» EXERCISE DATA:
=== Section Start ===

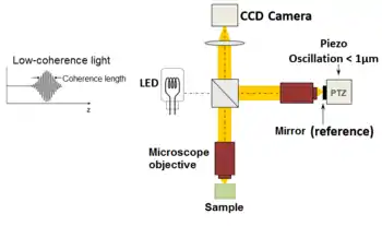 The "en-face" tomographic images are thus produced by a wide-field illumination, ensured by the Linnik configuration of the Michelson interferometer where a microscope objective is used in both arms. Furthermore, while the temporal coherence of the source must remain low as in classical OCT (i.e. a broad spectrum), the spatial coherence must also be low to avoid parasitical interferences (i.e. a source with a large size).[67]
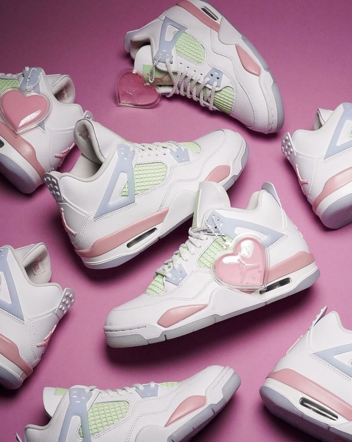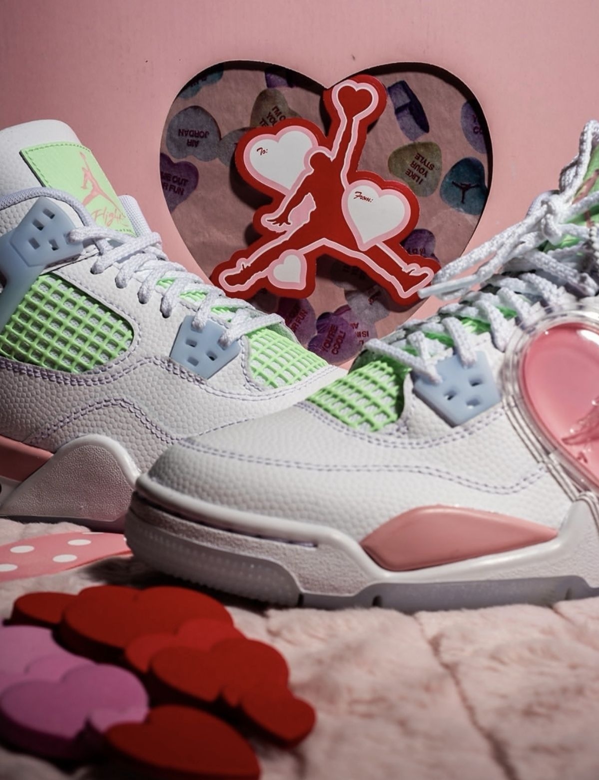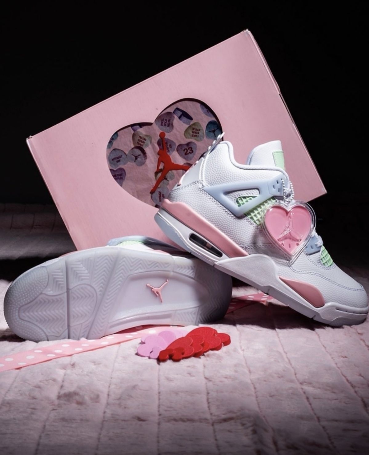 情人节还在愁送什么?这双AJ4情人节GS直接封神!奶白鞋身+淡粉点缀,鞋侧的爱心吊饰藏着专属浪漫,薄荷绿网布中和了甜腻感,甜酷平衡得刚刚好。无论是自留还是送礼,都能让对方一眼沦陷,把情人节的仪式感穿在脚上,每一步都踩在心动上。
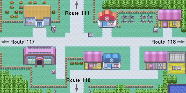 Céladopole : la Route 16 contient une zone d'herbe 3x9 délimitée par des arbres, directement en face du portail nord. Coupe est nécessaire ;
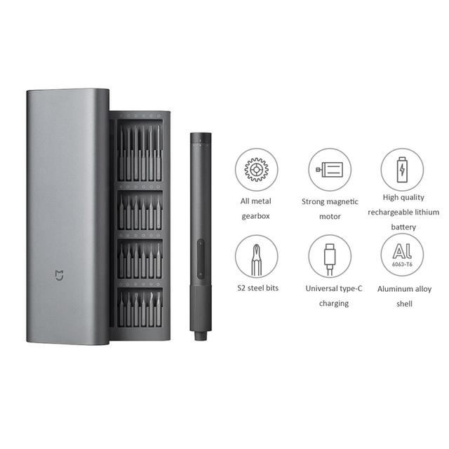طقم مفك براغي كهربائي من 28 قطعة من شاومي مع لقم مغناطيسية دقيقة وصندوق من الألومنيوم قابل لإعادة الشحن مع محرك مغناطيسي قوي
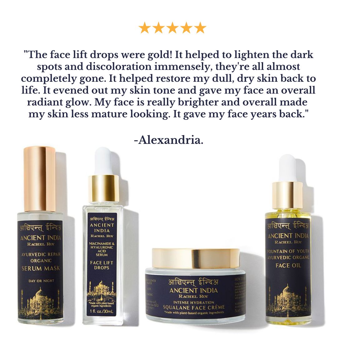 Helianthus Annuus (Sunflower) Seed Oil*, Simmondsia Chinensis (Jojoba) Seed Oil*, Sodium Hyaluronate, Hippophae Rhamnoides (Sea Buckthorn) Oil*, Psoralea corylifolia (Babchi) Seed Extract*, Zingiber Officinale Roscoe (Ginger Root) Extract*, Triphala (Emblica Officinalis /Terminalia Chebula / Terminalia Belerica) Extract*, Tremella Fuciformis Extract*, CrocusSativus (Saffron) Flower Extract* Curcuma Longa (Turmeric) Root Extract*
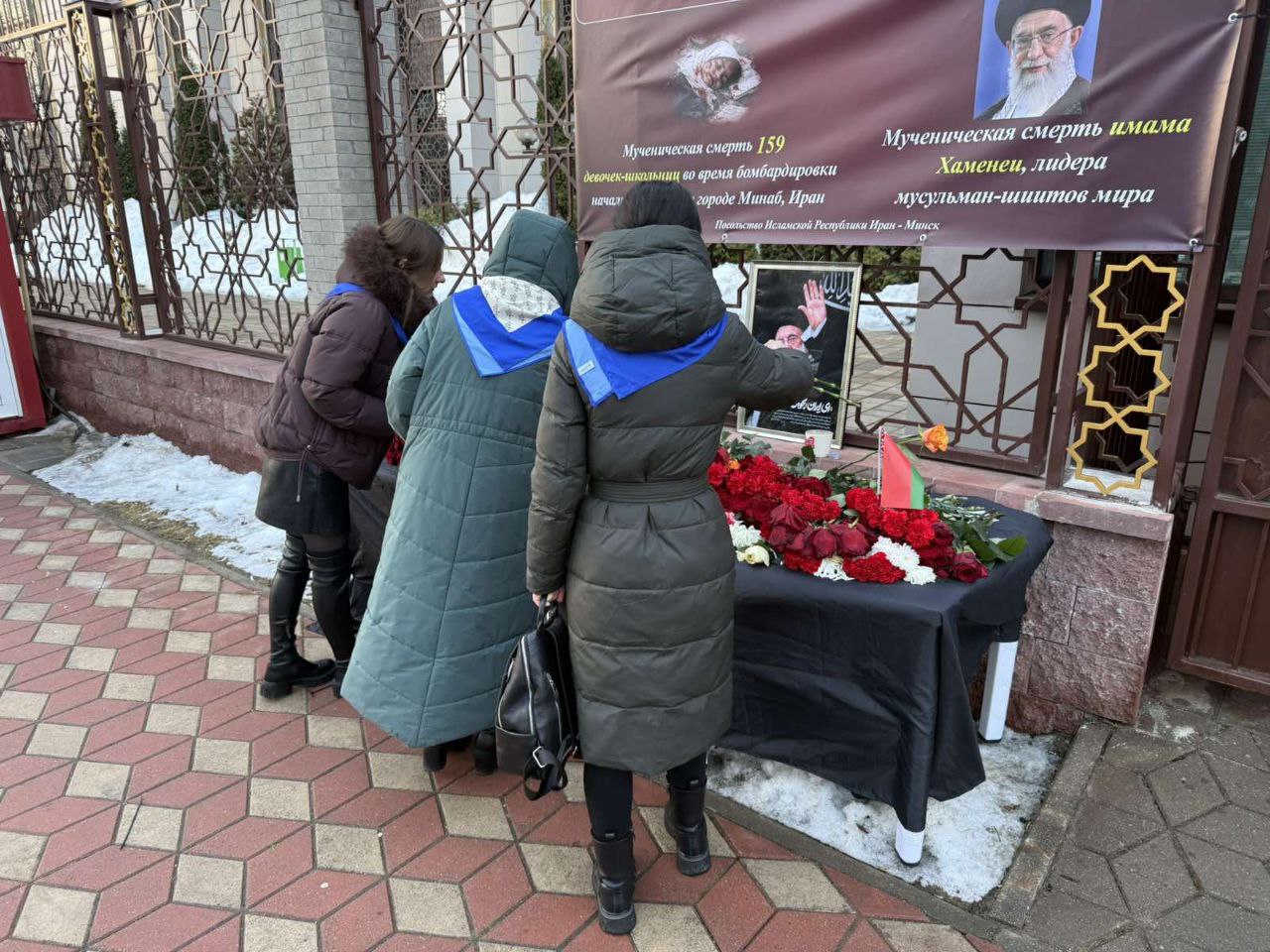 Представительницы Центральной районной организации ОО «БСЖ» Минского государственного дворца детей и молодежи присоединились к дням траура и возложили цветы к Посольству Исламской Республики Иран в Минске.
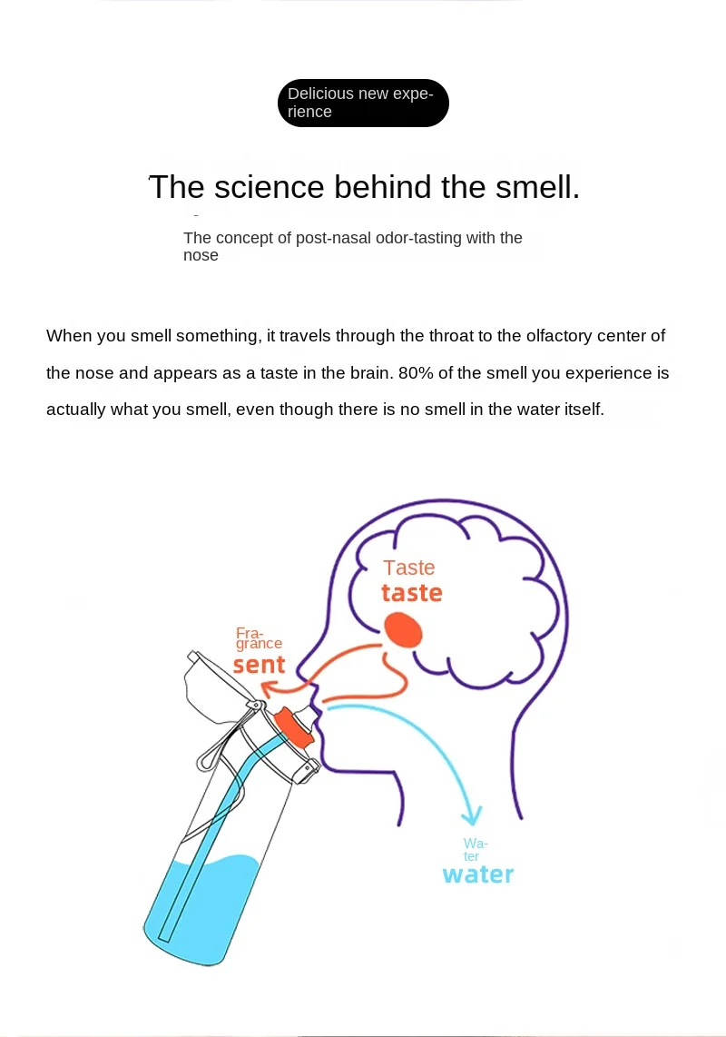 【Loss Weight & Hydration】Air water bottles use flavour to stimulate your sense of smell, creating the illusion of taste, so you can drink more water to reach your fitness goals. Experience taste without guilt and safeguard your healthy life.
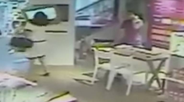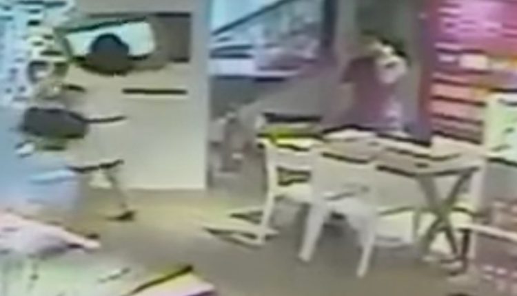 O ataque de fA?ria foi todo captado pelas cA?meras de seguranA�a e divulgado no A?ltimo dia 1A? de fevereiro. Nas imagens, A� possA�vel ver que ela estA? conversando com uma atendente do estabelecimento. Depois disso, a mulher vai em direA�A?o a um monitor instalado na parede e derruba-o no chA?o.
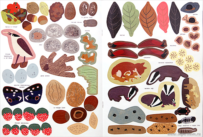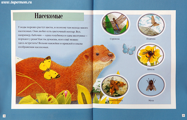 Это толстый альбом с наклейками. На каждой странице есть справка о животных и задание с наклейками: найти пару или разместить в свою среду обитания.

=== Section End ===

» WHAT YOU NEED TO DO:
Please repeat every record exactly, leaving the pictures out.

» EXERCISE RESULT:
 The "en-face" tomographic images are thus produced by a wide-field illumination, ensured by the Linnik configuration of the Michelson interferometer where a microscope objective is used in both arms. Furthermore, while the temporal coherence of the source must remain low as in classical OCT (i.e. a broad spectrum), the spatial coherence must also be low to avoid parasitical interferences (i.e. a source with a large size).[67]
 情人节还在愁送什么?这双AJ4情人节GS直接封神!奶白鞋身+淡粉点缀,鞋侧的爱心吊饰藏着专属浪漫,薄荷绿网布中和了甜腻感,甜酷平衡得刚刚好。无论是自留还是送礼,都能让对方一眼沦陷,把情人节的仪式感穿在脚上,每一步都踩在心动上。
 Céladopole : la Route 16 contient une zone d'herbe 3x9 délimitée par des arbres, directement en face du portail nord. Coupe est nécessaire ;
طقم مفك براغي كهربائي من 28 قطعة من شاومي مع لقم مغناطيسية دقيقة وصندوق من الألومنيوم قابل لإعادة الشحن مع محرك مغناطيسي قوي
 Helianthus Annuus (Sunflower) Seed Oil*, Simmondsia Chinensis (Jojoba) Seed Oil*, Sodium Hyaluronate, Hippophae Rhamnoides (Sea Buckthorn) Oil*, Psoralea corylifolia (Babchi) Seed Extract*, Zingiber Officinale Roscoe (Ginger Root) Extract*, Triphala (Emblica Officinalis /Terminalia Chebula / Terminalia Belerica) Extract*, Tremella Fuciformis Extract*, CrocusSativus (Saffron) Flower Extract* Curcuma Longa (Turmeric) Root Extract*
 Представительницы Центральной районной организации ОО «БСЖ» Минского государственного дворца детей и молодежи присоединились к дням траура и возложили цветы к Посольству Исламской Республики Иран в Минске.
 【Loss Weight & Hydration】Air water bottles use flavour to stimulate your sense of smell, creating the illusion of taste, so you can drink more water to reach your fitness goals. Experience taste without guilt and safeguard your healthy life.
 O ataque de fA?ria foi todo captado pelas cA?meras de seguranA�a e divulgado no A?ltimo dia 1A? de fevereiro. Nas imagens, A� possA�vel ver que ela estA? conversando com uma atendente do estabelecimento. Depois disso, a mulher vai em direA�A?o a um monitor instalado na parede e derruba-o no chA?o.
 Это толстый альбом с наклейками. На каждой странице есть справка о животных и задание с наклейками: найти пару или разместить в свою среду обитания.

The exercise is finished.